▶ [Exercise requirements]:
Pictures aside, reproduce exactly and only the lines below, starting at the one containing "Bei der Online-Location" and ending at the last line.

▶ [Input data]:
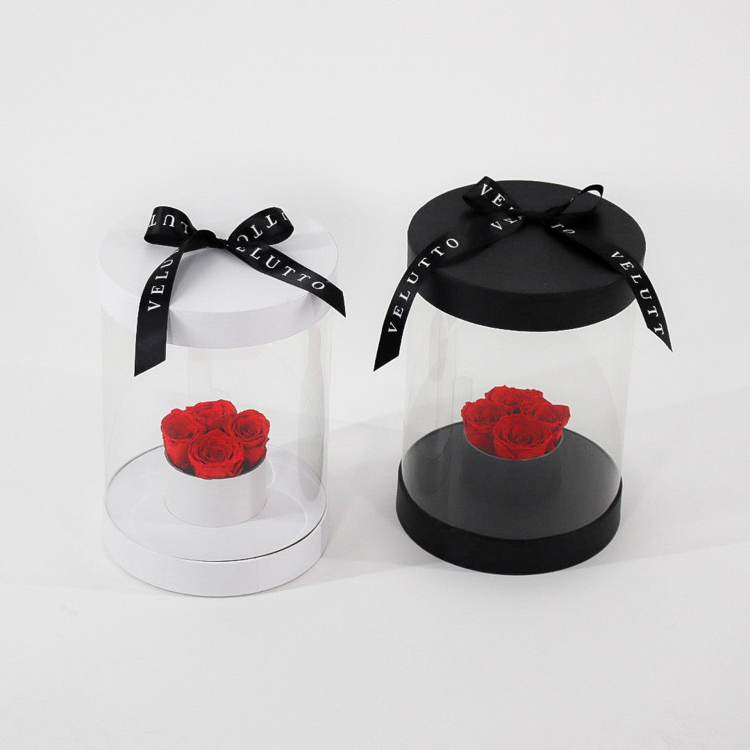 Discover Velutto real roses that last for years, arranged in our designer arrangement "4 Ever" sitting pretty in a large display box it comes with 4 perfect roses that can last for eternity.
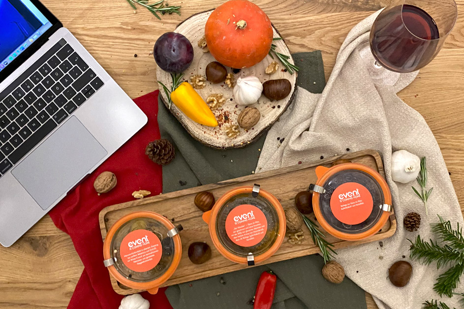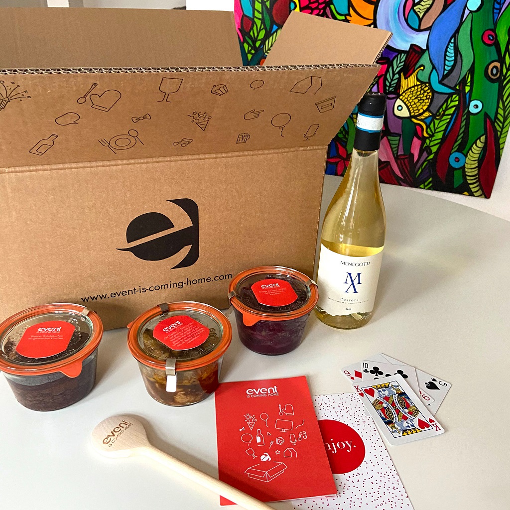 Bei der Online-Location setzt Event is coming home auf die Online-Live-Event-Plattform hopin und deren vielfältige Funktionen. Innerhalb des Entertainment-Moduls können Künstler, wie zum Beispiel Musiker und Zauberer, hinzugebucht werden. Die Eventboxen, die zu allen Teilnehmern nach Hause versendet werden, konfigurieren die Organisatoren mit den gewünschten Inhalten: Die hochwertigen Speisen sind frisch zubereitet und werden in Weck-Gläsern vakuumiert verpackt, sodass sie frisch und haltbar bleiben. Passend dazu steht eine große Auswahl an Getränken zur Verfügung. Eine dem Eventformat entsprechende Dekoration gehört ebenso zur Eventbox wie die individuell gebrandeten Give-aways. Somit spiegelt das Angebot von Event is coming home viele Facetten einer physischen Veranstaltung wider und transportiert Emotionen in den virtuellen Raum.
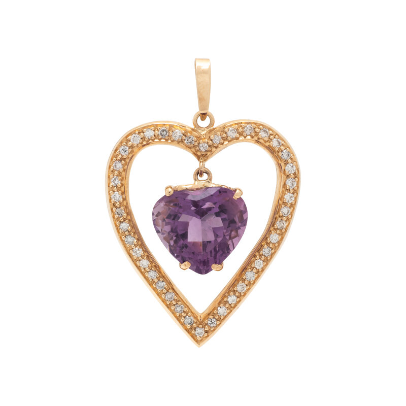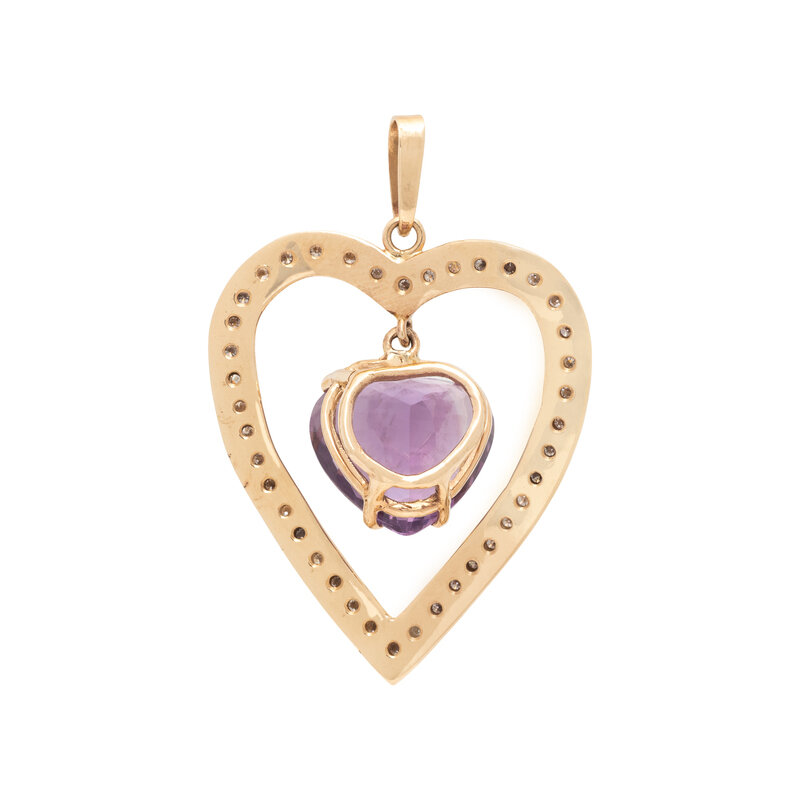 Heart shaped amethyst measuring approximately 14.10 x 15.40 x 10.15 mm, and round diamonds weighing approximately 0.60 carat total. Yellow gold. 1 3/4 x 1 1/4 inches.

▶ [Output below]:
 Bei der Online-Location setzt Event is coming home auf die Online-Live-Event-Plattform hopin und deren vielfältige Funktionen. Innerhalb des Entertainment-Moduls können Künstler, wie zum Beispiel Musiker und Zauberer, hinzugebucht werden. Die Eventboxen, die zu allen Teilnehmern nach Hause versendet werden, konfigurieren die Organisatoren mit den gewünschten Inhalten: Die hochwertigen Speisen sind frisch zubereitet und werden in Weck-Gläsern vakuumiert verpackt, sodass sie frisch und haltbar bleiben. Passend dazu steht eine große Auswahl an Getränken zur Verfügung. Eine dem Eventformat entsprechende Dekoration gehört ebenso zur Eventbox wie die individuell gebrandeten Give-aways. Somit spiegelt das Angebot von Event is coming home viele Facetten einer physischen Veranstaltung wider und transportiert Emotionen in den virtuellen Raum.
 Heart shaped amethyst measuring approximately 14.10 x 15.40 x 10.15 mm, and round diamonds weighing approximately 0.60 carat total. Yellow gold. 1 3/4 x 1 1/4 inches.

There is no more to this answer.